In addition to the repository, CLARIN.SI also provides several online services, such as the noSketchEngine web concordancer and the WebAnno annotation tool. I find these particularly useful in my everyday linguistic research, and was therefore happy to join CLARIN.SI’s initiative to organize hands-on training sessions for other researchers within the community as well. As the secretary of the Slovenian Language Technologies Society, I am also very grateful and proud of CLARIN.SI’s continuing support of JOTA, a monthly series of talks held by Slovenian and foreign researchers on topics related to languages technologies, which are also accessible online.

3. Despite being an early-career researcher, you’re one of the most prolific contributors of resources to the CLARIN.SI repository. Among others, you’ve created several sets of n-grams from various Slovene corpora. Could you discuss the importance of these resources for your own research as well as for the research community?

Although the lists of frequently recurring sequences of words in a language (also known as word n-grams) have traditionally been associated with the domain of natural language processing where they are used in language modelling and other computational tasks, these sequences are gaining increasing importance in linguistics as well. In addition to the most commonly studied groups of expressions, such as idioms and collocations, the lists of n-grams with outstanding frequency of usage (also known as formulaic sequences or lexical bundles) reveal an abundance of other multi-word expressions that are not necessarily fixed and idiomatic in the traditional phraseological sense, such as the expressions te dni ‘these days’, v sodelovanju z ‘in collaboration with’, po drugi strain pa ‘but on the other hand’ in written, or ali pa nekaj takega ‘or something like that’, gremo naprej ‘let’s move on’, veš kaj ‘you know what’ in spoken Slovenian. Phrases like these often seem uninteresting and self-evident to native speakers of a language, but they have been shown to have a special cognitive status in our brain nevertheless, and are also one of the key indicators of native-like fluency in language learners.

In my PhD work, I was mostly interested in formulaic sequences that contribute to discourse organization in spoken Slovenian. However, I applied the same extraction tool to several other reference corpora, such as written, computer-mediated and historical Slovene, producing the lists of most frequently recurring words, lemmas, POS tags and other feature combinations with two kinds of frequency counts. These open the way to numerous interesting explorations of the nature and use of formulaic expressions in the future in various linguistic disciplines, from language teaching and lexicography to psycholinguistics and diachronic language studies.

4. You’ve also been part of the team that created the manually annotated ssj500k corpus. Could you describe your role in the creation and annotation of the corpus? Why is this corpus important for Slovenian linguistics?

In a way, this corpus has been pivotal to my career as a researcher, as I first came into contact with language resources and technologies as a student annotator, checking for tokenization, lemmatization and tagging mistakes performed by the automatic morphosyntactic tagger. In subsequent projects, I continued working on this dataset by manual annotation of surface syntax with the JOS dependency labels and their subsequent conversion to the complementary Universal Dependencies scheme.

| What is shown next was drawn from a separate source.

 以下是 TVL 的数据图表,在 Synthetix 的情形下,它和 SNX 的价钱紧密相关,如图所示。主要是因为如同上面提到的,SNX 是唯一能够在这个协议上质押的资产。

In addition to these layers of linguistic annotation, ssj500k has also been annotated for named entities, semantic role labels and multi-word expressions. With more than 500,000 tokens or 27,000 sentences in total, ssj500k is the largest and most extensively manually annotated corpus of Slovenian and thus an invaluable resource for the development of fundamental language technologies, such as tokenizers, lemmatizers, taggers and parsers, which build their knowledge of the Slovenian language by observing its behaviour in such datasets. At the same time, this resource has had an important impact on Slovene linguistics as well, since many of the traditional linguistic categorizations of language phenomena in Slovenian had to be re-evaluated and improved in the annotation process, not only to meet the specific needs of machine-based applications, but also to enable systematic application to large amounts of authentic, real-world language data.

5. Together with Joakim Nivre you have worked on annotating the Treebank of Spoken Slovenian following the Universal Dependencies framework. What are the benefits of the Universal Dependencies framework and why is it important for Slovene to be part of the initiative? What are the challenges of creating a treebank of spoken language data? Why is it important for Slovene linguists and the society at large to have access to a treebank of the spoken language?

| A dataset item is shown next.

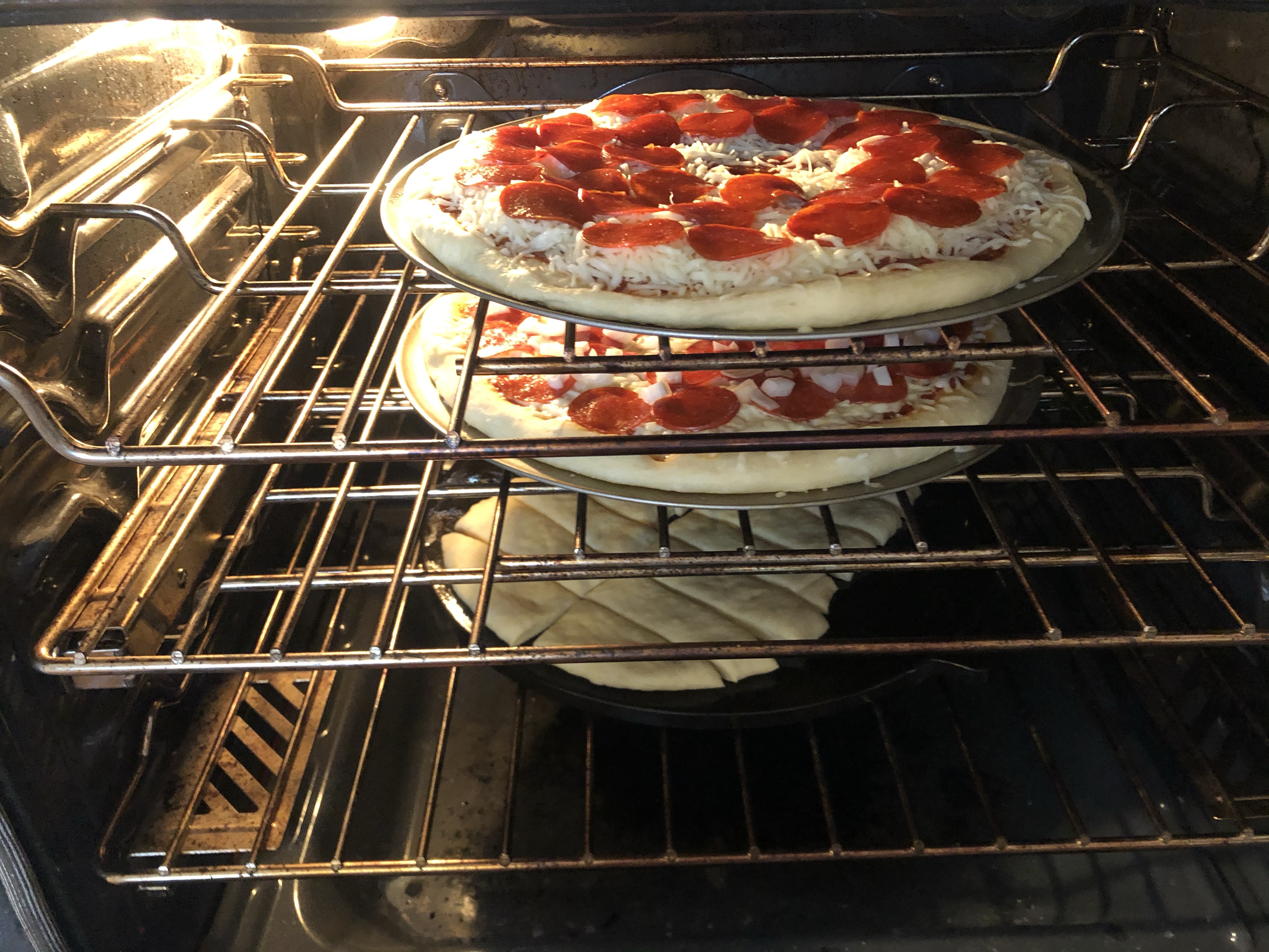 Put the pizza with the most toppings in first on the top rack. All by itself. At the 20 minute mark, put the more boring pizza in. Middle rack. At the 18 minute mark, put the breadsticks in on the bottom rack. Now you start watching. Move them about every 6 minutes. Rotate them. Each pizza will want to spend some time on the bottom rack to crisp up the bottom crust.

Universal Dependencies is an international initiative aimed at a cross-lingually consistent annotation scheme for morphological and syntactic annotation, which has already been applied to over 100 treebanks in more than 80 languages, including the written and spoken treebanks of Slovenian. Harmonizing the annotation of linguistic phenomena that are similar across languages has many important advantages for language technologies, since it enables the development of multilingual tools, such as taggers and parsers, and promotes consistent cross-lingual language technology research and evaluation in general. Many of these benefits are already visible, as several state-of-the-art tools have emerged based on this dataset and are directly applicable to all participating languages. This is especially important for small language communities that cannot necessarily afford a continuous development of high-performing language technology tools, especially in the era of fast-paced computational progress. At the same time, the large number of treebanks annotated in a unified way offers exciting opportunities for contrastive linguistic research, such as quantitative investigations into typological differences and similarities between different languages or language groups.

This comparative aspect was also the motivation behind the construction of the spoken Slovenian UD treebank, which, in contrast to its automatically converted written counterpart, has been manually annotated from scratch, using the CLARIN.SI WebAnno installation. In the process, many speech-specific phenomena had to be addressed, such as repairs, restarts, hesitations and other types of disfluencies. Interestingly, a comparison of the annotated written and spoken treebanks of Slovenian revealed that it is not just these obvious structural particularities that distinguish speech from writing, but that the two modes also differ in terms of sentence- and phrase-structure in general. For example, spoken data consists of shorter and more elliptic sentences, fewer and simpler nominal phrases, and more relations marking interaction, deixis and modality. Just like the written ssj500k treebank, the Spoken Slovenian Treebank thus represents an important language resource for future explorations in spoken language research and spoken language technologies alike, especially given the fact that it is the spoken language that is the primary and prevalent form of human communication.

6. How can research infrastructures such as CLARIN best serve early-stage researchers and how can they best contribute to the research infrastructure?

Undoubtedly, research infrastructures such as CLARIN represent an invaluable source of easily accessible resources, services and support for early-stage researchers, who are usually restricted to very limited funding and need help navigating the complex landscape of digital language resources. This is certainly the case with CLARIN.SI, where Tomaž Erjavec and his team provide continuing support with language data management, such as help with annotation tools, format conversions and validations, untrivial tasks for researchers in humanities and social sciences with little computational background. At the same time, online repositories, such as the one maintained by CLARIN.SI, offer early-stage researchers a unique chance to publish and disseminate our own research results in a stable online environment, which not only contributes to increased visibility, but also creates opportunities for future collaborations.